Based on the high quality SNPs above, a subset of 384 loci were used to synthetize an Oligo Pool Assay (OPA VC0013574) specific for use with the Illumina BeadXpress genotyping platform (Kim and Misra 2007), according to the manufacturer’s instructions. Automatic allele calling was performed using Genome Studio version 1.8.4 (Illumina). The individual SNP genotyping performance was assessed by the call rate using a GeneCall score cutoff ≥0.25. The clustering quality was performed by the GenTrain algorithm, provided as a module in the proprietary software Genome Studio (Illumina).

Genetic diversity and cluster analysis

The SNPs were characterized for genetic diversity by genotyping 95 common bean genotypes (Supplementary Material 1) and estimating several parameters, such as number of alleles (A), number of alleles per locus (Ā), number of private alleles (Ap), expected heterozygosity or gene diversity (H E), observed heterozygosity (H O), fixation index (F IS), genetic probability of identity (PI) and genetic probability of exclusion (PE) for each locus and multiloci, using the program GenAlexv6.5 (Peakall and Smouse 2012).

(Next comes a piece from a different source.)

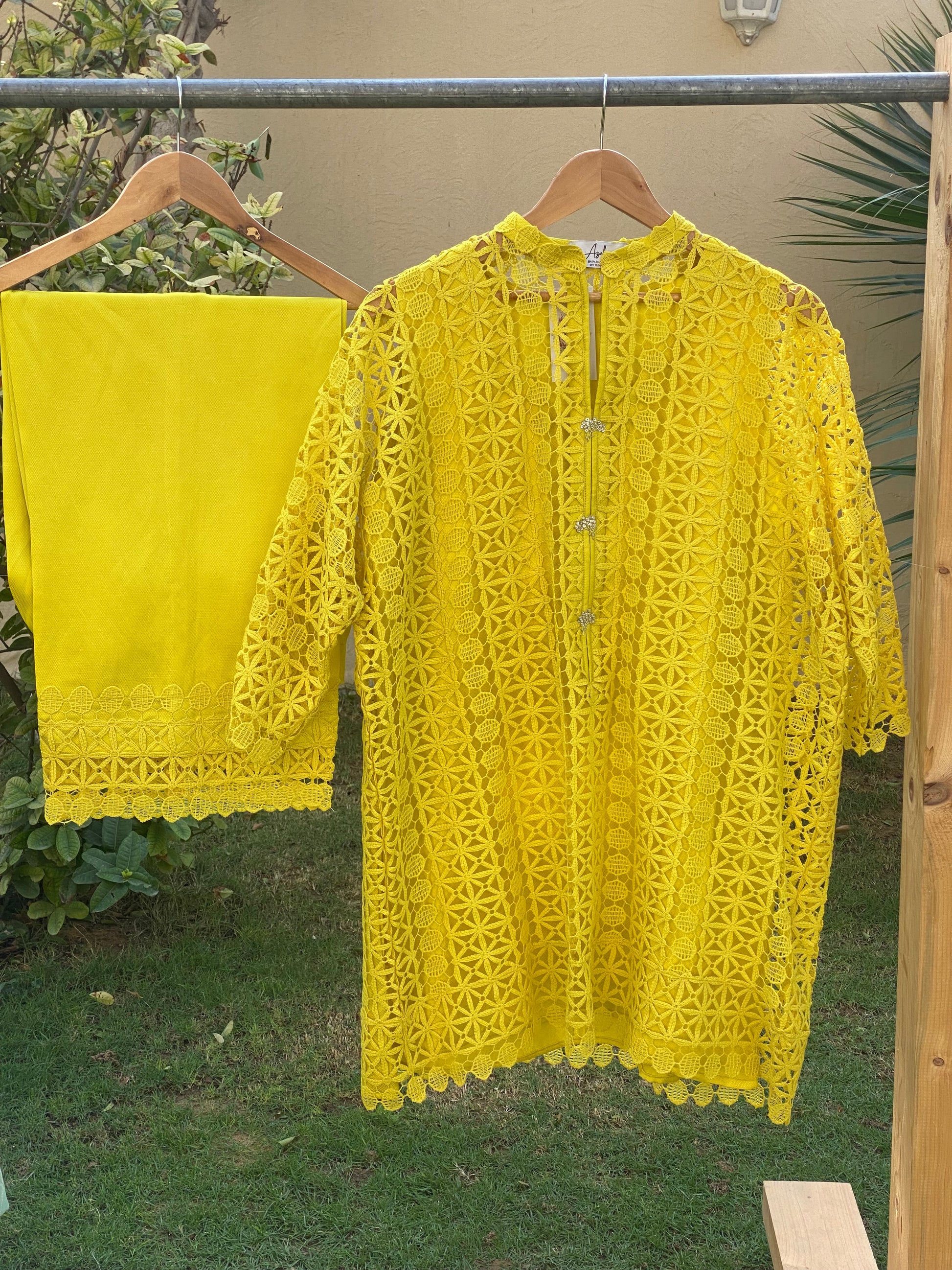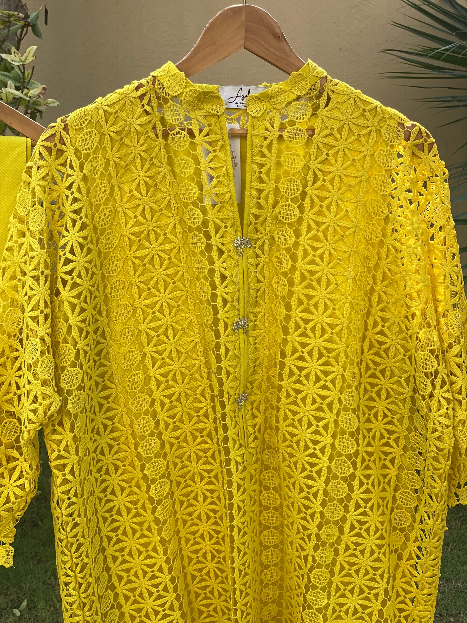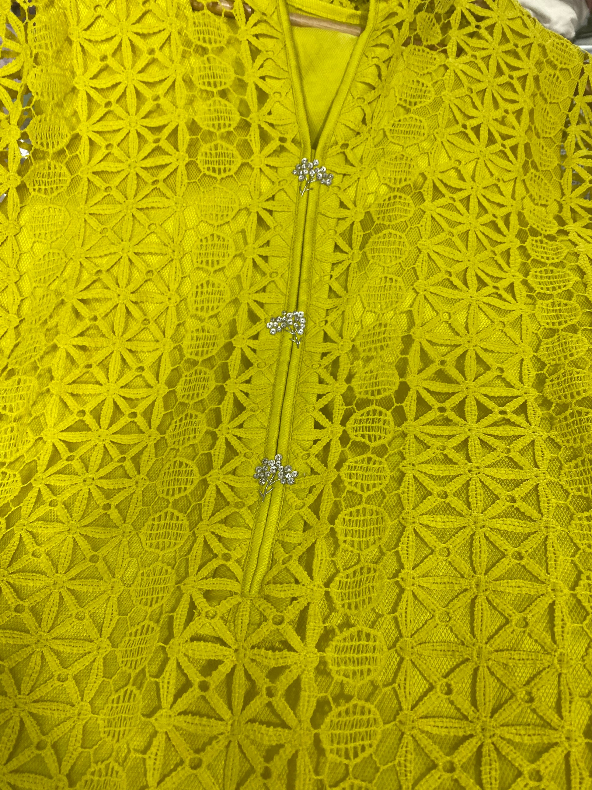 embellished with hand-made buttons on the neck pati with cutwork detail on the collar, daman &

A cluster analysis using simple matching dissimilarity based on neighbor-joining with 1000 bootstrap replicates was obtained by DARwin v5.0.158 (Perrier and Jacquemoud-Collet 2006). All statistical analyses (overall significances) were performed using the non-parametric Wilcoxon test implemented by the Real Statistics Resource Pack software (Release 4.3) (Zaiontz 2013).

Population structure analysis

The Principal Coordinates Analysis (PCoA) and the genetic differentiation index (F ST) were estimated with a confidence interval of 95 % for 9999 permutations, calculated using GenAlex v6.5 (Peakall and Smouse 2012). Analysis of PCoA was calculated using a simple matching dissimilarity matrix. The program STRUCTURE v2.3.4 (Pritchard et al. 2000) was used to infer the genotypes structure. A population number (K) ranging from 1 to 10 was assumed, with 10 interactions each, to identify the K with the highest log likelihood. In each run, the admixture model was applied under the condition of 1,000,000 Markov chain Monte Carlo (MCMC) replications followed by 500,000 burn-in periods. The criteria proposed by Evanno et al. (2005) was used to determine the most probable K through the program STRUCTURE HARVESTER v0.6.93 (Earl and vonHoldt 2012), followed by analysis using the software CLUMPP v1.1.2 (Jakobsson and Rosenberg 2007) to determine the consensus among the 10 most probable K interactions. The program DISTRUCT v1.1 (Rosenberg 2004) was used for the graphical display of the population structure. An analysis of molecular variance (AMOVA) was performed to test the structure of the genetic diversity of the genotypes through the program Arlequin v3.5 (Excoffier and Lischer 2010), with 10,000 permutations.

Linkage disequilibrium

Linkage disequilibrium (LD) was estimated using Tassel v.5.0 (Bradbury et al. 2007; Glaubitz et al. 2014). The standardized disequilibrium coefficient r 2 (parameter r 2 > 0.10) and corresponding p-values (two-sided Fisher’s exact test) were estimated. For the calculation of LD, SNP loci with MAF < 0.05 (Minor Allele Frequency) were discarded from the analysis. The heterozygous genotypes were considered missing data, and the loci were considered to have a significant LD if r 2 > 0.10 and p value <0.001. Haploview 4.2 (Barrett et al. 2005) was used to assess haplotypes based on 363 SNPs with MAF > 0.05 and missing data ≤25 %. The heterozygous alleles were considered missing data. Only SNPs incorporated up to a distance of 20 Mb were considered for the determination of haplotype blocks and D′ and r 2 with confidence intervals according to Gabriel et al. (2002). The LD parameters and haplotype blocks were calculated for the entire sample (95 genotypes) and, separately, for the Andean (21 genotypes) and Mesoamerican (74 genotypes) gene pools. In addition, the haplotype blocks were estimated using the RAD-SNP loci made available by this work and the BARC-SNP loci reported by Müller et al. (2015), totaling 708 SNPs (363 RAD-SNPs and 345 BARC-SNPs) analyzed using a common set of 88 genotypes.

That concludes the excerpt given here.